Yofi Grant, Chief Executive Officer (CEO) of the Ghana Investment Promotion Centre (GIPC), says the Centre together with the Textiles and Garments Industry are working hard to be more attractive the global markets.
He said even though many challenges had hit the industry and contributed to it experiencing a drastic decline in production and export, however, the GIPC with its stakeholders were bent on adding value to the textiles and garments produced to make it more appealing to the global market.
The decline had been as a result of a surge in Chinese imports, Chinese influence on Ghanaian markets with lower costing products leading to low demand of domestic textiles, smuggling of foreign textiles into the country especially from China and Vietnam, and lack of raw materials among others, he said.
Mr Grant made the statement on Wednesday when the GIPC organised a “Garments & Textiles Investment Meeting” in Accra in partnership with the Cotton Development Authority and the Association of Ghana Apparel Manufacturers.
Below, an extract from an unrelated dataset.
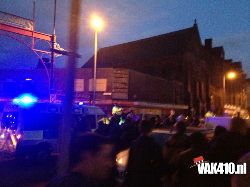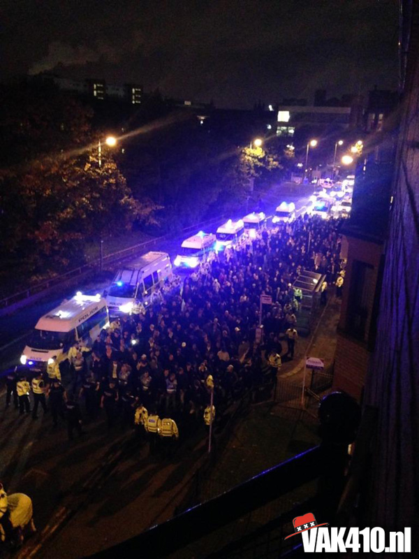 Op de wedstrijddag werd het centrum van Glasgow overgenomen door de vele Ajax supporters en in verschillende kroegen werd er verzameld. De als fanatiek bekend staande Celtic supporters waren niet tot nauwelijks te zien overdag. Later op de middag stegen de baromzetten verder en vormde zich een grote groep voor één van de kroegen. In deze formatie werd er te voet pas gezet richting Celtic Park. Alle toeters en bellen gingen direct af bij de Schotse smeris en na een kat en muis spel werd na ongeveer een half uur de groep ingesloten en onder zware politie begeleiding richting het stadion geëscorteerd. Tot onze verbazing bleek er vooraan deze escorte een grote afvaardiging van de Amsterdamse voetbaleenheid aanwezig. Waar in Amsterdam de zakkenrollerij hoogtij viert en de crisis van dal naar dal gaat worden deze heren keer op keer doodleuk op een snoepreisje gestuurd. In een slakkentempo kwamen we een klein half uur voor de wedstrijd dan eindelijk aan op het beruchte Celtic Park. De verhalen die over dit stadion de rondte gaan zijn mythisch en ontzagwekkend te noemen. Gelukkig hebben we voor hetere vuren gestaan en is dit eiland toch vrijwel standaard een tegenvaller.

The meeting, on the theme: “The Future of Garments & Textiles in Ghana’s Industrialisation Drive”, was to enable stakeholders to deliberate on the challenges and hindrances towards the growth of the Ghana textiles and garments industry and devise a structured approach to enter the global market.
He said the name Ghana was becoming a common space in the global economy from textiles to soccer, architecture, and music, among others.
“We do have an opportunity to add value to all these things for export revenues and we can create significant wealth through that because Ghana has a potential to become a major exporter of garments and textiles,” he added.
Mr Grant said the US imported $31 billion of textiles annually, while the European Union imported about 69 billion, hence, it was prudent for Ghana to take advantage of it.
He encouraged the private industries to partner with each other to acquire benefits such as capital, state-of-the-art management practices, and opportunities to build new markets.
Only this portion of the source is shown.